As the world marks the International Women’s Day on March 8, various groups from eight countries in Asia Pacific and Africa will kick off a campaign highlighting the plight and struggle of rural women through simultaneous activities by participating organisations.
“For more than a hundred years, the world has been observing the international day of women. While some gains for women’s rights, borne out of their struggle, have been won, oppression and marginalisation based on gender remain prevalent. And perhaps among those who are most oppressed and marginalised are the women in the countryside,” said Ms. Sarojeni Rengam, Executive Director of regional advocacy group Pesticide Action Network Asia and the Pacific (PAN AP) and a member of the Steering Council of the Asian Rural Women’s Coalition (ARWC).
PAN AP and ARWC are among the groups behind the Women Assert Our Rights to Land and Resources, a global campaign that aims to underscore rural women’s leadership, rights and role in agricultural development and food security. Rengam explained that the campaign would raise public awareness on the situation of women small food producers, highlight the specific impacts of land and resource grabbing on rural women, and engage policy makers to institute reforms.
At least 11 groups in eight countries in Asia and Africa will simultaneously hold mass actions and other activities to launch the campaign on March 8. The AMIHAN National Federation of Peasant Women and GABRIELA will join the anticipated thousands of protesters in Manila on March 8 led by progressive organisations of women and their supporters. In India, the Society for Rural Education and Development (SRED) and Tamil Nadu Women’s Forum (TNWF) will hold public forums, cultural activities and protest actions. Meanwhile, in Sri Lanka, the Vikalpani National Women’s Federation and Human Development Organization (HDO) will hold a symposium, poster campaign and mass mobilisation.
Other organisations participating in the campaign launch are Eco-Women in China; Seruni (Indonesian Women’s Organization) in Indonesia; Research Centre for Gender, Family and Environment in Development (CGFED) in Vietnam; Center for Child Development (CFCD) in Sri Lanka; KHOJ Foundation in Pakistan, PAN Africa in Senegal, and Oxfam’s East Asia GROW Campaign among other groups.
SRED’s Ms. Fatima Burnad said that those who depend on agriculture for their livelihood are oppressed by existing social structures and flawed government policies, but the women among them are twice oppressed – first as a rural worker and second as a woman.

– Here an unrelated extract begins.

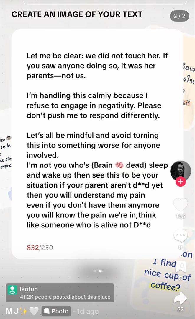 It turns out that the elderly woman’s child was able to trace Jola and effected her arrest. The child shared videos and photos of Lola in the police station. She stated that she will not watch anyone disrespect her mother no matter what happened.

“Four out of every 10 farmers and agricultural workers are women and they produce more than half of the world’s food. Yet, they are the most marginalised in terms of access to land and resources,” Burnad explained, citing data from the Food and Agriculture Organization (FAO).
The physical and economic displacement of women due to land and resource grabbing further increases the stress on their rights as food producers, said PAN AP’s Rengam. “The specific roles that women play in households also create the condition for their greater oppression. Worse poverty and hunger as a consequence of land grabbing, for instance, impact more heavily on rural women as they play a key role in managing the household budget, on top of their role as direct contributor to the family income,” she said.
The two-year global campaign will culminate on 15 October 2015, International Rural Women’s Day. A series of regional and local activities will be conducted such as workshops, cultural events, local travelling journal, leadership trainings and policy advocacy work.